We need to maintain the count of number that have the same mapping that is given by above described point.

Any hints/pointer to improve the performance of below code? It gave TLE (Time Limit Exceeded) for a large test case(http://codeforces.com/contest/714/submission/20594344).

from collections import defaultdict

def getPattern(s):
    return ''.join(list(s.zfill(19)))

def getSPattern(s):
    news = s.zfill(19)
    patlist = [ '0' if (int(news[i])%2 == 0) else '1'   for i in range(19) ]
    return "".join(patlist)


t = int(raw_input())
pat = defaultdict(str)  # holds strings as keys and int as value

for i in range(0, t):
    oper, num = raw_input().strip().split(' ')

    if oper == '+' :
        pattern = getSPattern(str(num))
        if pattern in pat:
            pat[pattern] += 1
        else:
            pat[pattern] = 1
    elif oper == '-' :
        pattern = getSPattern(str(num))
        pat[pattern] =  max( pat[pattern] - 1, 0)
    elif oper == '?' :
        print pat.get(getPattern(num) , 0 )

cdlane · Accepted Answer

I see lots of small problems with your code but can't say if they add up to significant performance issues:

You've set up, and used, your defaultdict() incorrectly:

pat = defaultdict(str)
...
if pattern in pat:
    pat[pattern] += 1
else:
    pat[pattern] = 1

The argument to the defaultdict() constructor should be the type of the values, not the keys. Once you've set up your defaultdict properly, you can simply do:

pat = defaultdict(int)
...
pat[pattern] += 1

As the value will now default to zero if the pattern isn't there already.

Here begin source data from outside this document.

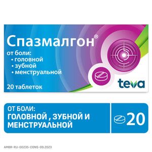Показания к применениюБолевой синдром умеренной или слабой выраженности: головная зубная боль мигрень невралгия миалгия артралгия альгодисменорея боль при травмах и ожогах.Препарат предназначен для уменьшения симптомов на момент применения и на прогрессирование заболевания не влияет. В случае необходимости пожалуйста проконсультируйтесь с врачом перед применением лекарственного препарата.Применение при беременности и кормлении грудьюПрименение препарата во время беременности и в период грудного вскармливания противопоказано.ПротивопоказанияГиперчувствительность к компонентам препарата а также к производным пиразолона угнетение костномозгового кроветворения (например вследствие лечения цитостатиками) или заболевания кроветворной системы (агранулоцитоз лейкопения апластическая анемия) выраженная печеночная и/или почечная недостаточность дефицит глюкозо6фосфатдегидрогеназы тахиаритмии тяжелая стенокардия декомпенсированная хроническая сердечная недостаточность закрытоугольная глаукома гиперплазия предстательной железы (с клиническими проявлениями) кишечная непроходимость мегалокон коллапс беременность период грудного вскармливания детский возраст до 8 лет атония желчного и мочевого пузыря непереносимость лактозы дефицит лактазы глюкозогалактозная мальабсорбция аллергия на пшеницу.Состав1 таблетка содержит: действующие вещества: метамизол натрия – 500 мг питофенона гидрохлорид – 5 0 мг фенпивериния бромид – 0 1 мг вспомогательные вещества: лактозы моногидрат 10 мг пшеничный крахмал 85 9 мг тальк (магния гидросиликат) 6 мг магния стеарат 4 мг желатин 4 мг натрия гидрокарбонат 5 мг.
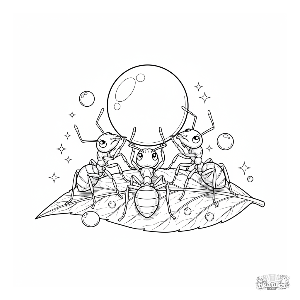 Complex coloring page for ages 10-12: three ants work together to carry a large dewdrop across a leaf surface. A detailed scene of insect interaction.
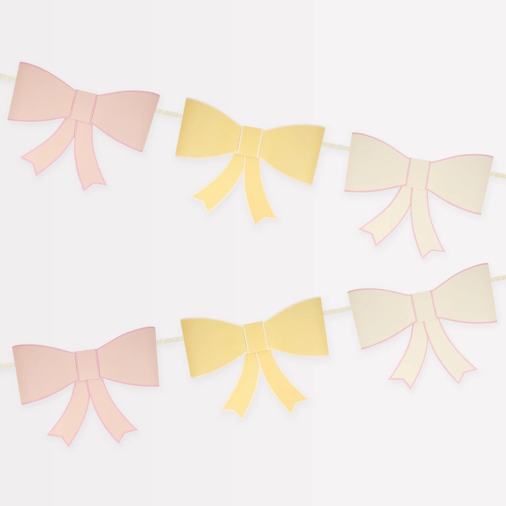 • The garland features 8 pre-strung bows on an ivory ribbon

Since the specification says:

- ai — delete a single occurrence of non-negative integer ai from the multiset. It's guaranteed, that there is at least one ai in the multiset.

Then this:

pat[pattern] =  max( pat[pattern] - 1, 0)

can simply be this:

pat[pattern] -= 1

You're working with 19 character strings but since the specification says the numbers will be less than 10 ** 18, you can work with 18 character strings instead.

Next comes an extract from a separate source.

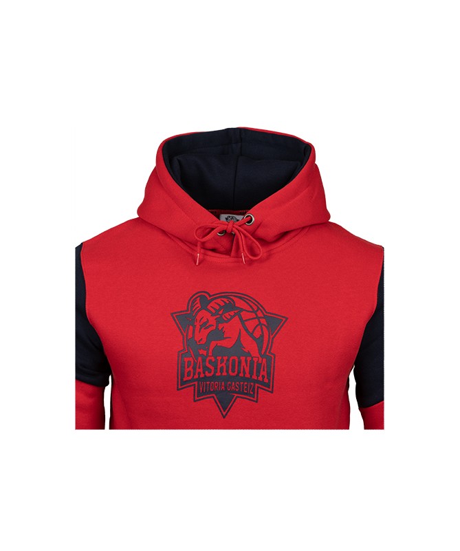 Hoodie de moda con capucha del Baskonia de color rojo con detalles y el escudo en negro en la parte delantera frontal.
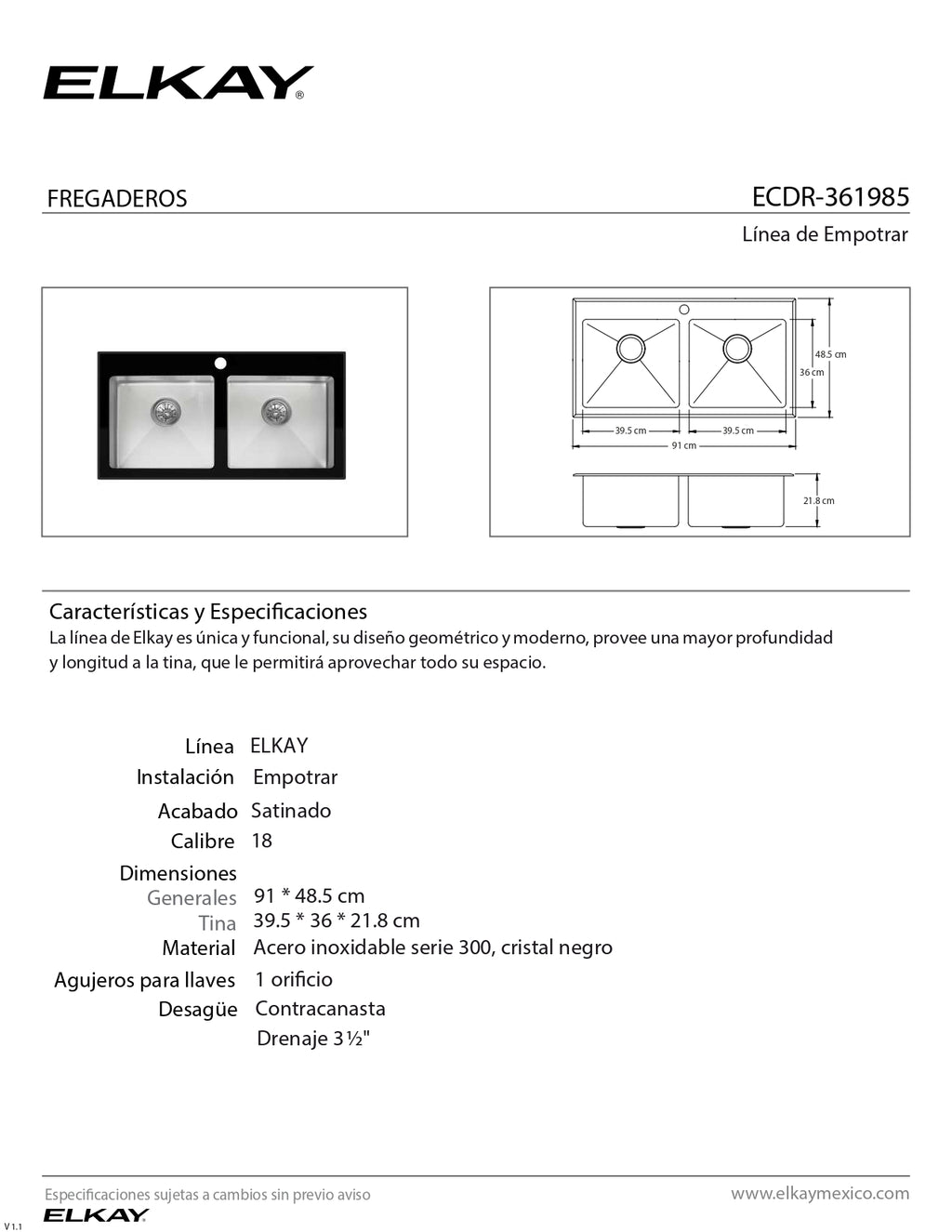 Esta tarja de acero inoxidable de doble tina Elkay para cocina es la opción perfecta para aquellos que buscan mejorar su cocina. Cuenta con una tina doble que permite el lavado y enjuague simultáneos de utensilios de cocina y una construcción de acero inoxidable duradera que garantiza una larga vida útil. Aumente su eficiencia en la cocina con esta tarja de alta calidad.

getSPattern() does a zfill() and then processes the string, it should do it in the reverse order, process the string and then zfill() it, as there's no need to run the logic on the leading zeros.

We don't need the overhead of int() to convert the characters to numbers:

(int(news[i])%2 == 0)

Consider using ord() instead as the ASCII values of the digits have the same parity as the digits themselves: ord('4') -> 52

And you don't need to loop over the indexes, you can simply loop over the characters.

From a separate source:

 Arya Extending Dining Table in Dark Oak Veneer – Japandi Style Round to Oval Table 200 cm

Below is my rework of your code with the above changes, see if it still works (!) and gains you any performance:

from collections import defaultdict

def getPattern(string):
    return string.zfill(18)

def getSPattern(string):
    # pattern_list = (('0', '1')[ord(character) % 2] for character in string)
    pattern_list = ('0' if ord(character) % 2 == 0 else '1' for character in string)
    return ("".join(pattern_list)).zfill(18)

patterns = defaultdict(int)  # holds keys as strings as and values as int

text = int(raw_input())

for _ in range(text):
    operation, number = raw_input().strip().split()

    if operation == '+':
        pattern = getSPattern(number)
        patterns[pattern] += 1
    elif operation == '-':
        pattern = getSPattern(number)
        patterns[pattern] -= 1
    elif operation == '?':
        print patterns.get(getPattern(number), 0)

How to improve python dict performance?

Answers (2)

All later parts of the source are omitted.